I was glad to see that there was more to Vegas than gambling and laying poolside, so I followed the signs to the Art Gallery. The current exhibit at the Bellagio is Ansel Adams. The exhibit is well done, lots of beautiful photos, and a section at the end that has letters Adams wrote as well as photos of him from all stages of his life. Just skimming the letters I realized that nothing would probably have saddened a man who loved nature as much as Adams than his exhibit in a hotel in Sin City. But maybe I am wrong...

I headed next door to Caesar's Palace and came upon the Brahma Shrine. It is an authentic replica of one of Thailand's most popular Buddist shrines. There was incense burning, gifts of fruit and flowers left as an offering and people were praying. It felt strangely peaceful and quiet in all that craziness and I was glad I had stumbed across it.



The rest of the day I shopped, sure wish Urban Outfitters would come to my neck of the woods, and then headed back to the hotel.

After my first day in Vegas whatever enthusism I had was completly worn off. So I will just list a few more tidbits or thoughts to sum up the trip.

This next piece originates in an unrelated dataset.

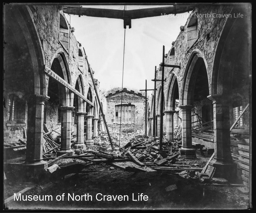 A gelatin silver glass plate negative. A view of the interior of the church of St Alkelda in Giggleswick during extensive restoration 1890-92Collection

1. Gambled at the Black Jack table for the first time. All other previous bets I had made in my life was a six pack on a football game or $20 in a poker game amongst friends. Needless to say I was entertained for about an hour and a half before they took all my chips. Those were the two most expensive "free" beers I ever got.

2. Went to the Stratosphere which looks like the space needle in Seattle and is located at the end of the Strip. It has incredible views of the city and that is where I took this photo. My main thought as we sat sipping our wine looking out at the view, "Holy Electricity".



3. The Monte Carlo where I stayed sucked. Construction on both sides of the hotel and those guys get going early in the morning. Even on the 25th floor I could hear those cement trucks backing up. Only upside to this hotel, Haagen Daz icecream in the food court.

4. My hotel window faced the direction of the airport and it was amazing to see the frequency of flights taking off and landing. About one every minute.

5. Vegas is all inclusive. They open their arms to everyone. I saw all nationalties, ages, and economics. This city, for some bizarre reason seems to appeal to just about everyone, like moths to a light.

6. I did actually do some work. There were meetings, conventions, and dinners to attend. Hands to be shook. But nothing earth shattering to report.

7. Spent my final afternoon before flying out the next morning, reading a library book in the bed and staring out the window watching the planes go by. I was ready to be home.

Spring In The South

On another note Spring has officially arrived here and these are the signs.

1. Our forsythia bush in the front yard has little yellow buds. This bush always reminds me of my Granny. I am sure it had no sway in my immediate love of the house when we saw it for the first time that it was in full bloom.

2. Sports Illustrated Swimsuit Issue arrived. Beyonce is on the cover and looking mighty fine I must say. This years issue came with a special section that had blurred photos of women in swimsuits that you view with the enclosed 3-D glasses. J's response while looking at the picture and moving the magazine slowly back and forth, "I still can't see her boobs".